For complete details on the use and execution of this protocol, please refer to Setsu et al.¹

Graphical abstract

Highlights

• •Step-by-step procedure for inducing motor neurons
• •Live imaging procedure for tracking cell survival and neurite extension
• •Immunocytochemistry procedure for measuring induction efficiency

Publisher’s note: Undertaking any experimental protocol requires adherence to local institutional guidelines for laboratory safety and ethics.

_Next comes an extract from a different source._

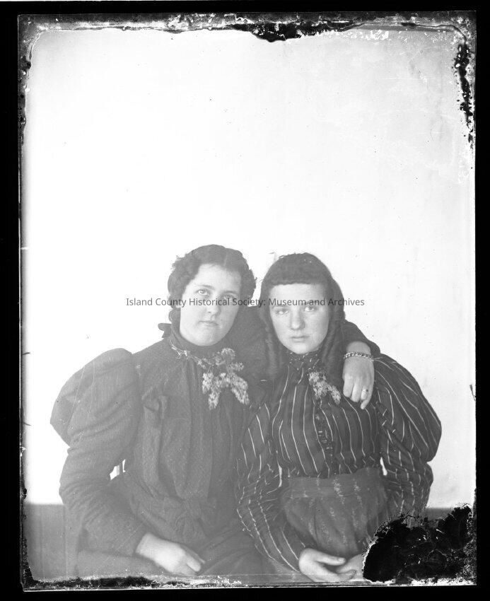 Photo of two women in dresses, the woman on the left has a solid colored dress and the woman on the right has a multiple colored vertical stripped dress. There is damage to the bottom right and top edge of photo.Made/Created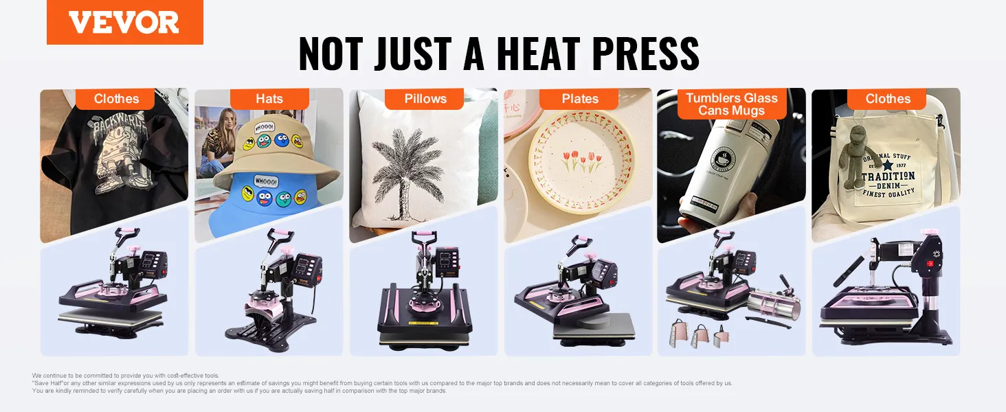 Our heat press comes with multiple attachments, allowing you to effortlessly transfer beautiful designs onto T-shirts, pillowcases, hats, mugs, and ceramic plates, unleashing unlimited creativity. Whether making personalized gifts or crafting unique DIY projects, it has you covered.

Here, we present a protocol for inducing spinal lower motor neurons (LMNs) from human induced pluripotent stem cells (iPSCs). We describe steps for preparation of a chemically induced transitional state (CTraS), transduction with Sendai virus, and LMN differentiation and maintenance. We then detail procedures for live imaging for single-cell-based survival analysis and neurite length of LMNs using BioStation and immunocytochemistry for induction efficiency check. This protocol is optimized for amyotrophic lateral sclerosis (ALS) research and large-scale screening.

Before you begin

Innovation

This protocol presents a rapid and efficient method for inducing human spinal lower motor neurons (LMNs) from iPSCs, significantly advancing existing ALS modeling and drug screening workflows. By combining a chemical transitional embryoid body-like state (CTraS) pretreatment with Sendai virus (SeV) -mediated transcription factor induction, we achieved LMN induction efficiencies of 70–80% within two weeks—substantially faster and more efficient than conventional methods, which often require longer durations and achieve only ∼30% efficiency. The CTraS method uses small molecules (SB431542, dorsomorphin, CHIR99021) to inhibit TGF-β/BMP and activate Wnt signaling, enhancing responsiveness to transcription factors. Our protocol also integrates single-cell-resolution evaluation of neuronal morphology and survival using time-lapse imaging, enabling high-content phenotypic screening. The speed, scalability, and endpoint clarity of our system make it well-suited for large-scale screening of iPSC lines from sporadic ALS patients—overcoming previous limitations associated with disease heterogeneity and low throughput. Furthermore, our approach lays the groundwork for precision medicine, as it can accommodate personalized screening timelines crucial for rapidly progressing diseases like ALS. This protocol thus provides an integrated and scalable platform that combines high induction efficiency with single-cell survival analysis, enhancing both mechanistic ALS research and drug discovery efforts.

Institutional permissions

This study was conducted in accordance with the Declaration of Helsinki and was approved by the ethics committee of Keio University School of Medicine (Approval no. 20080016).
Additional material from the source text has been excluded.